In the old days when we could not fix stuff because of the cost I came up with a few things I used on our old home. One was plexiglass sheets when it was cheap. I would cut to size of windows and place magnetic roll strips I bought at craft store with super glue on them and then glue strips to window trim and paint it white and slap them up. Another one was I made a wood frame like a picture frame and put 4 mil plastic in it and the used plumbers putty to attach it to window trim. How did that work well it was good for a few hours till it fell of and hit my son in the head. We still have a standing joke about that one we sometimes call him pud head.  I think the best one was a fine bead of caulk around the window that did best. When summer came I would just give the window a tug and up it would come and then clean of silicone caulk. Oh yes I used window film that you take a hair dryer to (better known as shrink wrap) out of 8 windows I got one up so you could see out of it and two or three that did not fall off. When the weather got a little warmer we could not open the windows to let air in because it would get cold that night or the next day.

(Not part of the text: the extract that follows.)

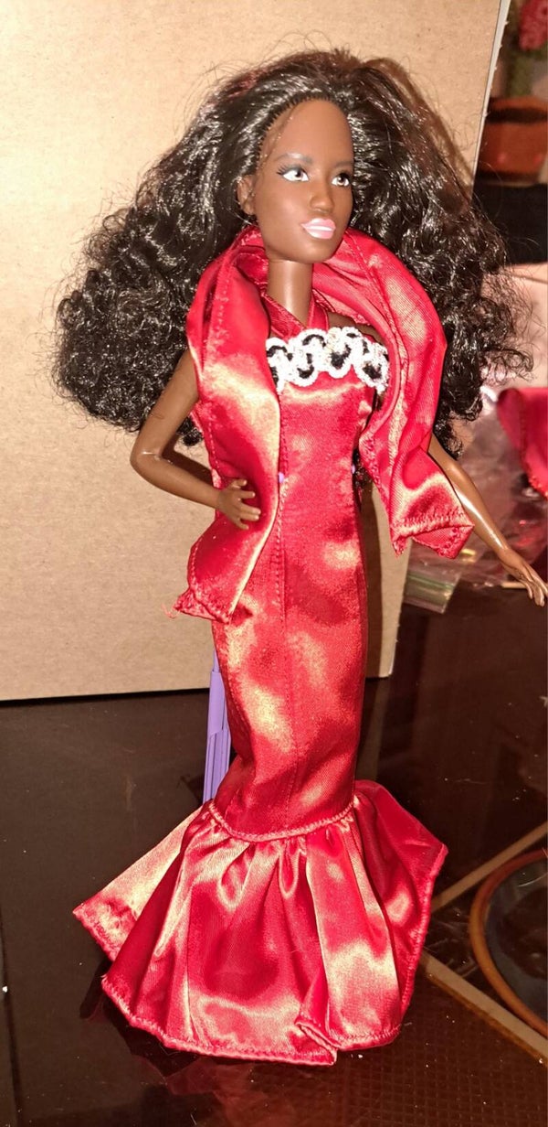 Beautiful red satin look gown with silver sequen embellishments across the top of the dress accompanied by a red silk looking stole. ( DOLL NOT INCLUDED)
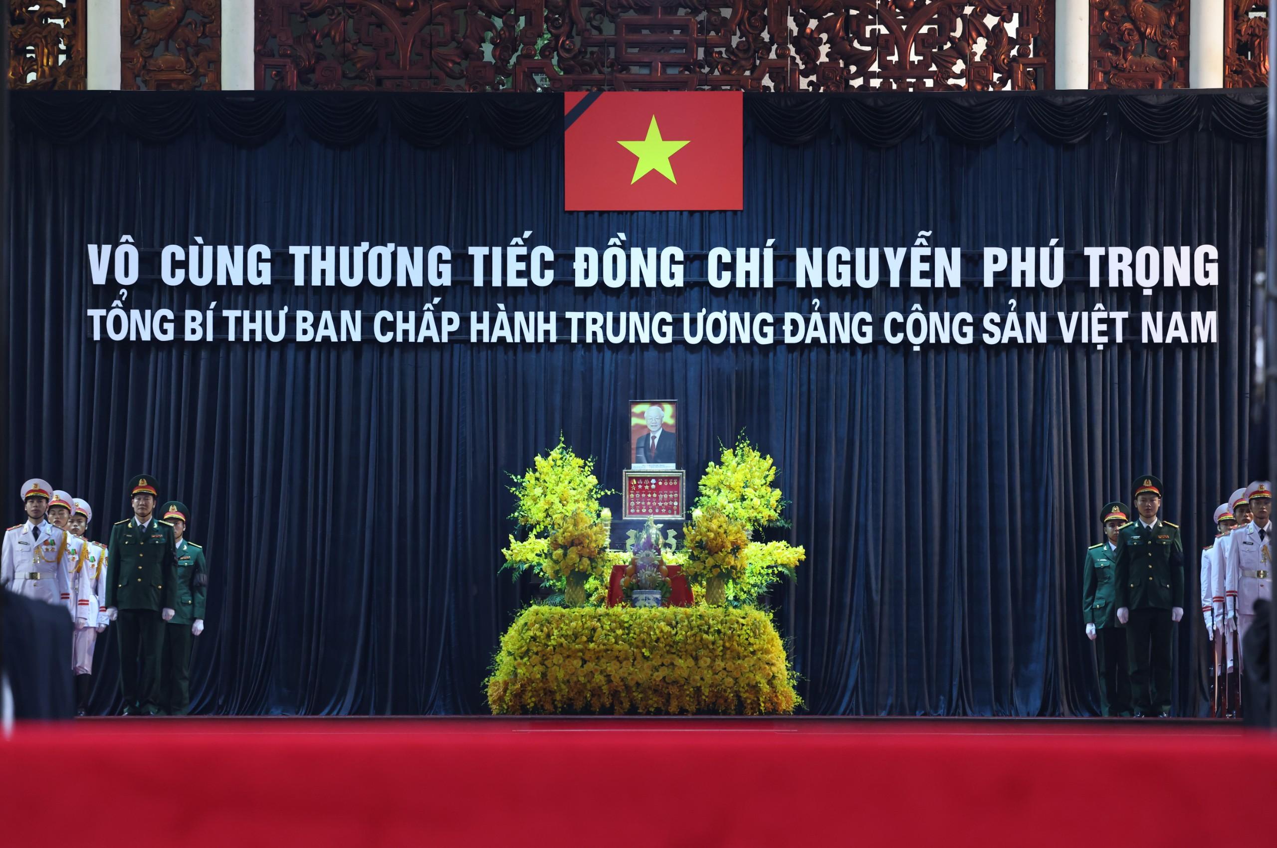 Linh cữu Tổng Bí thư Nguyễn Phú Trọng quàn tại Nhà Tang lễ Quốc gia, số 5 Trần Thánh Tông, Hà Nội.

                                                        2pyrs


----------



## glennjanie (Jun 6, 2006)

Go Geothermal; it costs a lot but it will certainly pay for itself. "Why curse the darkness, when you can light a candle".
Glenn


----------



## Cakalac (Jun 21, 2006)

Duel-fuel!


----------



## Begreen (Jul 16, 2006)

beverly said:
			
		

> has anyone used that plastic that you actually have to use the blowdry for it to stick to the window to keep the cold out?  I usually use the kind you just tape up but my house is so drafty, you can hear the plastic blowing when the wind gets going.  anyone use the other kind?  how was it?  where can I find it?

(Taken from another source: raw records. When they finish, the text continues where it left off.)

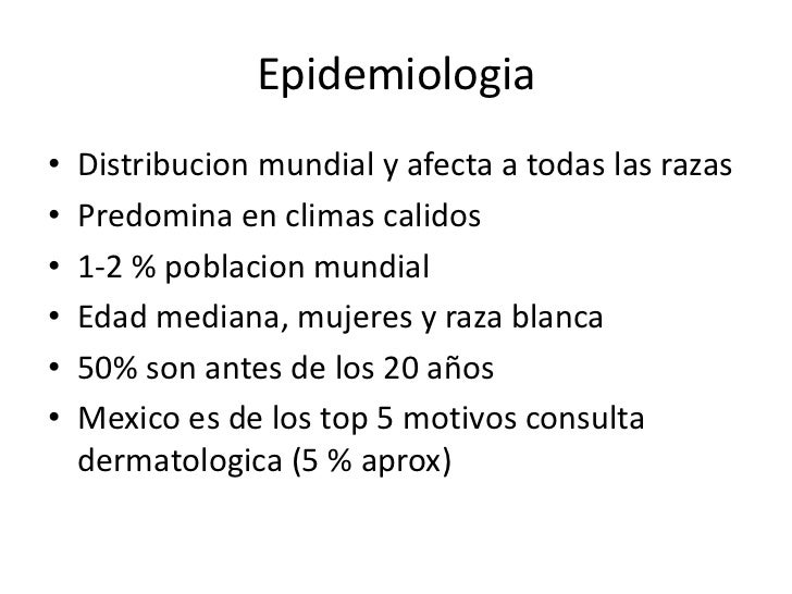 7. 7. Epidemiologia• Distribucion mundial y afecta a todas las razas• Predomina en climas calidos• 1-2 % poblacion mundial• Edad mediana, mujeres y raza blanca• 50% son antes de los 20 años• Mexico es de los top 5 motivos consulta dermatologica (5 % aprox)
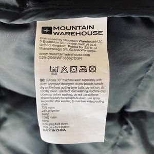 Down-filled, water resistant grey winter jacket by Mountain Warehouse. Pre-loved in excellent condition. Size 14US.
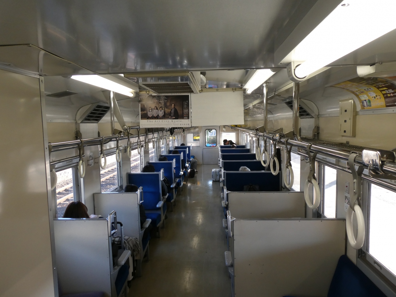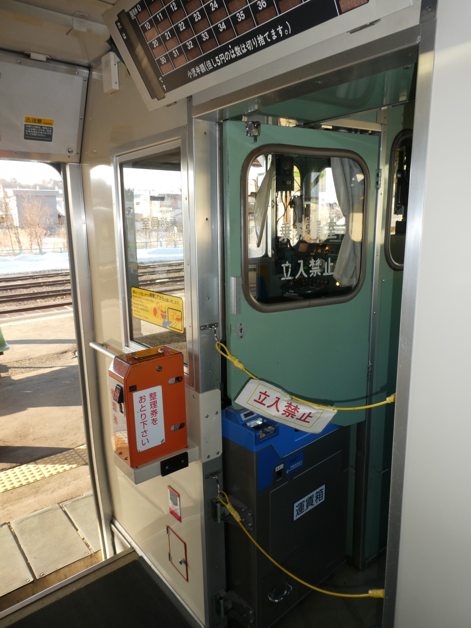 乗車したのは平日で長万部(16:15発)⇒森(17:28着)の1両ワンマン運転の普通列車です。
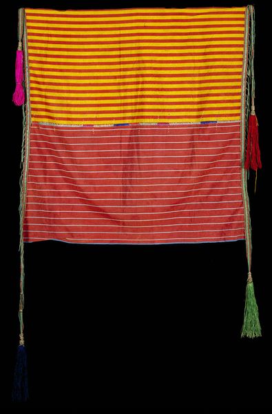 Curator: The "Woman's Blouse," dating to around 1975 and held here at the Minneapolis Institute of Art, is a fascinating example of fibre art, specifically weaving with cotton. Editor: Wow, it's...arresting. A vibrant field of red, softened by those delicate vertical stripes, and then that rainbow collar—it feels both simple and powerfully symbolic. There’s an earthy quality, but also a certain festive, almost regal, aura about it. Curator: It’s an excellent encapsulation of Indigenous American textile traditions. The repetition of pattern, particularly in those carefully placed stripes, speaks to enduring themes in textile design, a legacy and memory embedded within each woven thread. Editor: I'm wondering, beyond the striking visual, what stories it holds? That bright red seems so intentional. Curator: Well, color in Indigenous textiles often holds deep cultural significance. Red, in many traditions, symbolizes lifeblood, power, connection to the earth. The vertical lines themselves might represent growth, spirituality, or even lineage. The colours around the neck suggests both connection to sky and earthly realm. Editor: The craftsmanship seems exceptional. Curator: Indeed. Weaving like this is far from mere craft. It’s a profound expression of identity, cosmology, and the enduring spirit of the Indigenous Americas. A dialogue woven in color and thread. Editor: Makes me reconsider what we classify as ‘art’—versus, say, garment. What boundaries, really, separate utility from deep cultural expression? It’s humbling, really, to look at it like that. Curator: Precisely! The blurring of lines, isn't it wonderful? It serves as a poignant reminder of art's purpose—as a story, as belonging, as something beautiful, of course, but something intensely, unapologetically human.

Yes, I've used this for several years on the interior of several large windows. It works well assuming that you don't have big gaps to the outside that you are trying to cover. Caulk those gaps first. The trick is to install it with good tape. I only use 3M's double-stick product made for the application. It's pricey, but works. The surface it sticks to must be clean and intact. The tape will pull off a poorly painted surface. My best success has been on our varnished wood windows.


----------